═════ Information shown ═════

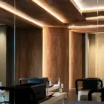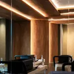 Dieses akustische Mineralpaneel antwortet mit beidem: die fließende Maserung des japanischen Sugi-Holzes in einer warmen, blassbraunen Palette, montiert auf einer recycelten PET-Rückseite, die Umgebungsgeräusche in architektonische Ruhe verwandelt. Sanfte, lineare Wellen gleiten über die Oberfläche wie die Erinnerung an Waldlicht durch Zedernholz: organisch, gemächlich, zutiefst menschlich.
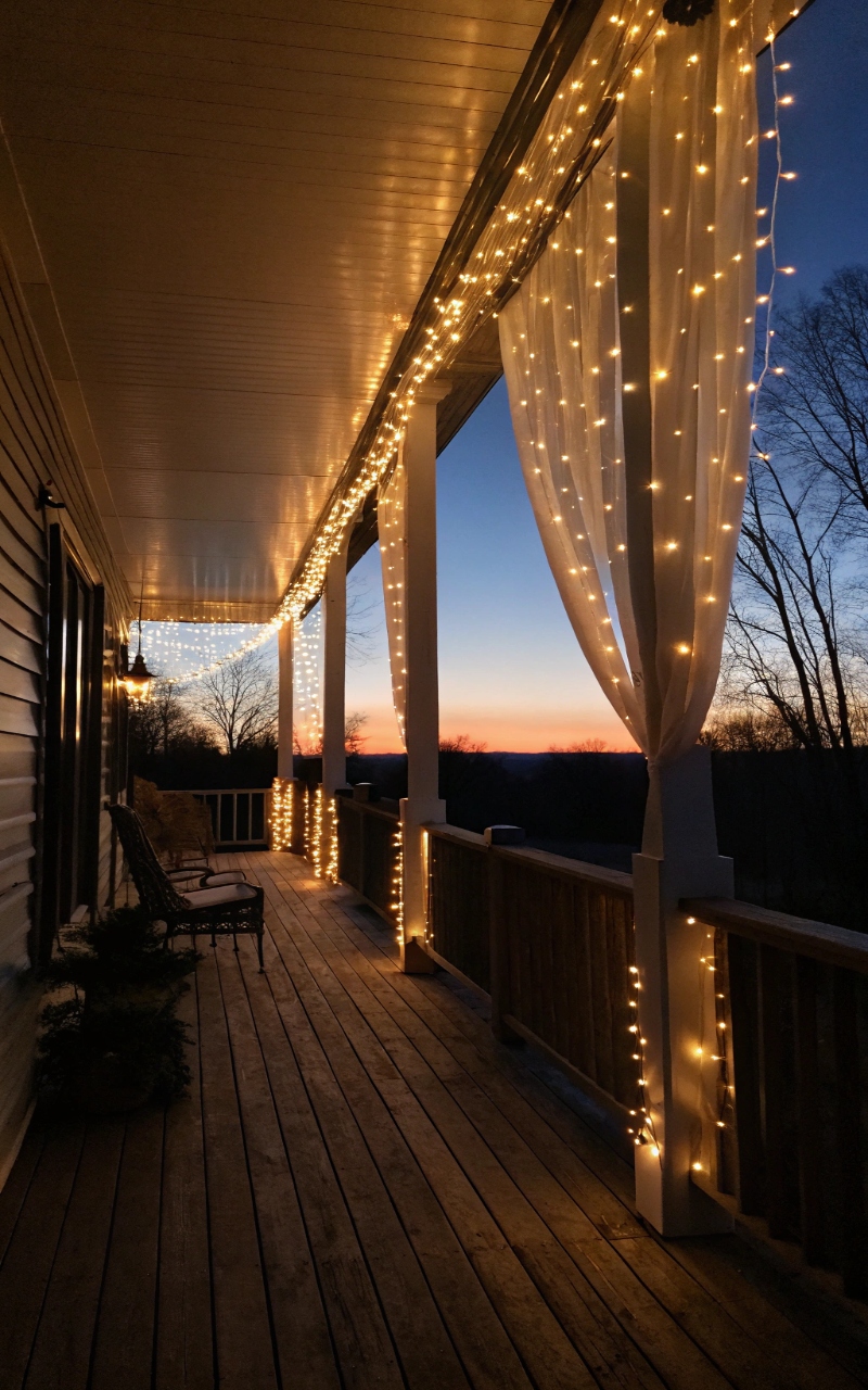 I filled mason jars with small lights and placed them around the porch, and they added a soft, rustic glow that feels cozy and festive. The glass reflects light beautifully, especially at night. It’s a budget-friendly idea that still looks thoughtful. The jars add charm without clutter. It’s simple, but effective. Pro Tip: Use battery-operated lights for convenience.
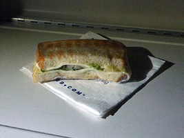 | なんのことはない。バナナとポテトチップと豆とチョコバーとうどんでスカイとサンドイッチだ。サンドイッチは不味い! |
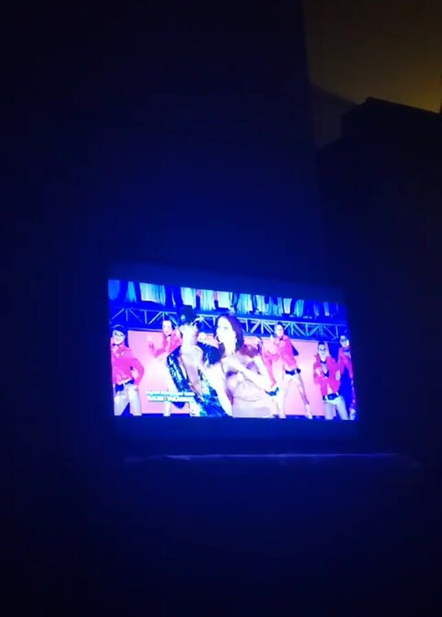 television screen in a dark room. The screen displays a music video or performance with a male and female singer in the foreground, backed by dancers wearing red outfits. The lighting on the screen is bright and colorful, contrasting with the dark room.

═════

- Task prompt
Give back an exact copy of the material above, omitting the pictures.

- Written answer
 Dieses akustische Mineralpaneel antwortet mit beidem: die fließende Maserung des japanischen Sugi-Holzes in einer warmen, blassbraunen Palette, montiert auf einer recycelten PET-Rückseite, die Umgebungsgeräusche in architektonische Ruhe verwandelt. Sanfte, lineare Wellen gleiten über die Oberfläche wie die Erinnerung an Waldlicht durch Zedernholz: organisch, gemächlich, zutiefst menschlich.
 I filled mason jars with small lights and placed them around the porch, and they added a soft, rustic glow that feels cozy and festive. The glass reflects light beautifully, especially at night. It’s a budget-friendly idea that still looks thoughtful. The jars add charm without clutter. It’s simple, but effective. Pro Tip: Use battery-operated lights for convenience.
 | なんのことはない。バナナとポテトチップと豆とチョコバーとうどんでスカイとサンドイッチだ。サンドイッチは不味い! |
 television screen in a dark room. The screen displays a music video or performance with a male and female singer in the foreground, backed by dancers wearing red outfits. The lighting on the screen is bright and colorful, contrasting with the dark room.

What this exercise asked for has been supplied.